» **GIVEN DATA**
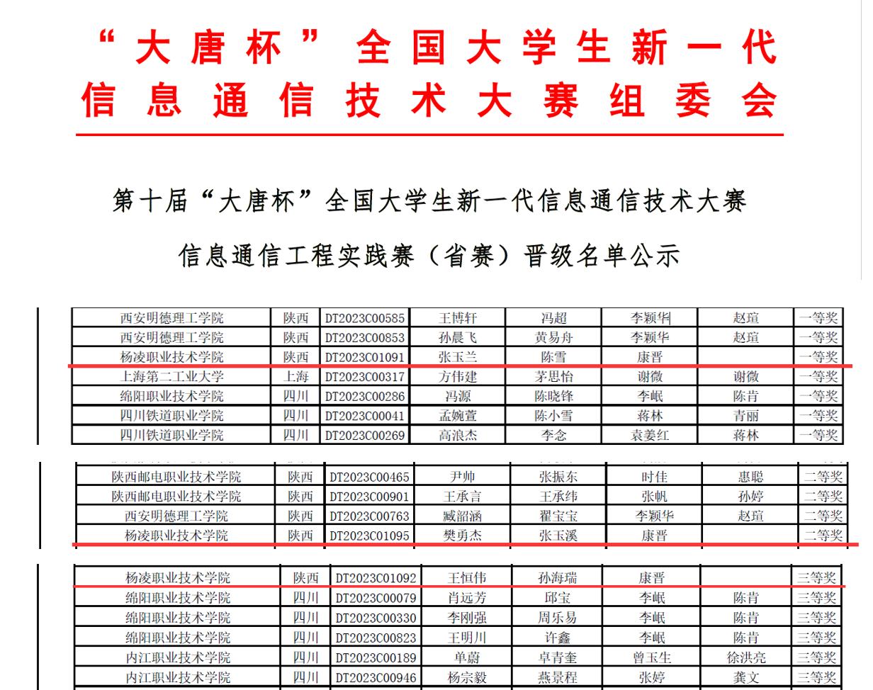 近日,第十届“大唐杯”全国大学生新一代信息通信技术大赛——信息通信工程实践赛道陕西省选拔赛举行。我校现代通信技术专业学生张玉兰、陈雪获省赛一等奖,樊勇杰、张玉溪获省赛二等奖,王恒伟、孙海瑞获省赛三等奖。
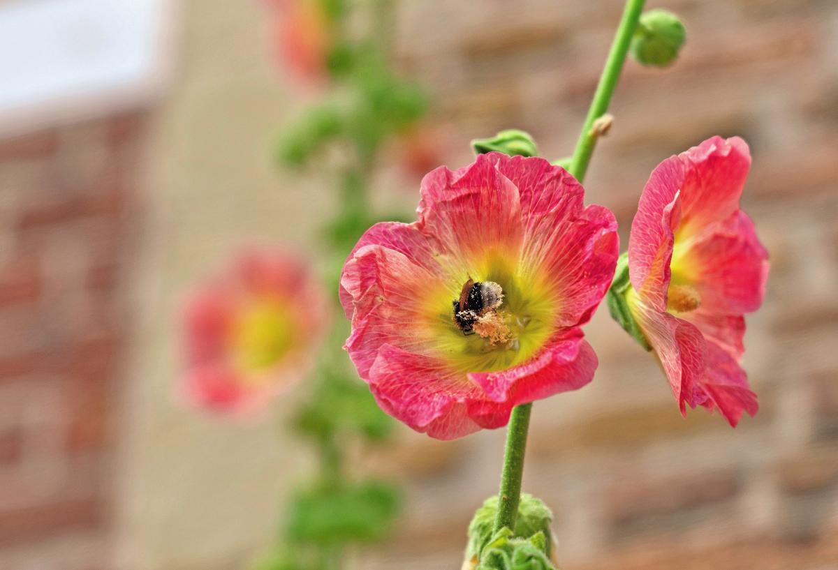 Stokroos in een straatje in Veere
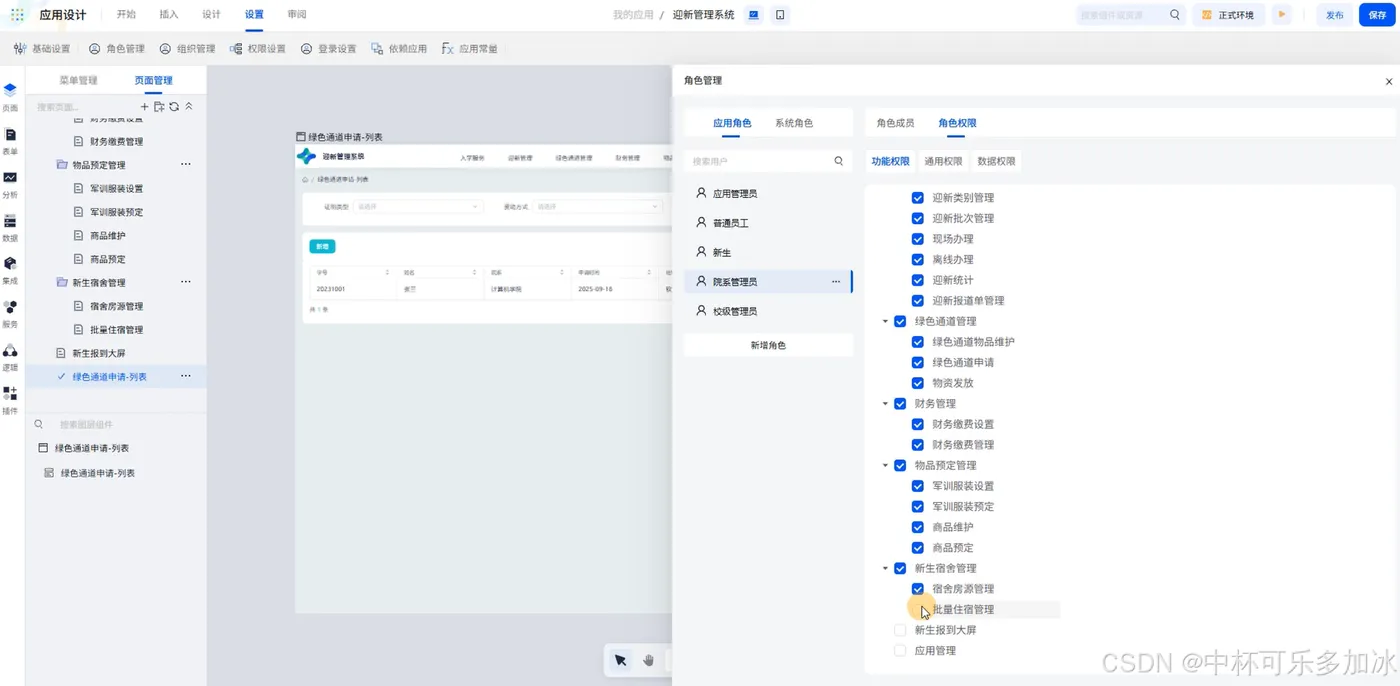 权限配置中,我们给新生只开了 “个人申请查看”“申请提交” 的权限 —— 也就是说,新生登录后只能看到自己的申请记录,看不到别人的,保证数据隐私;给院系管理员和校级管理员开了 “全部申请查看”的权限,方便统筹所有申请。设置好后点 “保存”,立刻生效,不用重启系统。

» **ASSIGNMENT**
The answer must be the full listing retyped exactly, with no pictures in it.

» **TASK RESPONSE**
 近日,第十届“大唐杯”全国大学生新一代信息通信技术大赛——信息通信工程实践赛道陕西省选拔赛举行。我校现代通信技术专业学生张玉兰、陈雪获省赛一等奖,樊勇杰、张玉溪获省赛二等奖,王恒伟、孙海瑞获省赛三等奖。
 Stokroos in een straatje in Veere
 权限配置中,我们给新生只开了 “个人申请查看”“申请提交” 的权限 —— 也就是说,新生登录后只能看到自己的申请记录,看不到别人的,保证数据隐私;给院系管理员和校级管理员开了 “全部申请查看”的权限,方便统筹所有申请。设置好后点 “保存”,立刻生效,不用重启系统。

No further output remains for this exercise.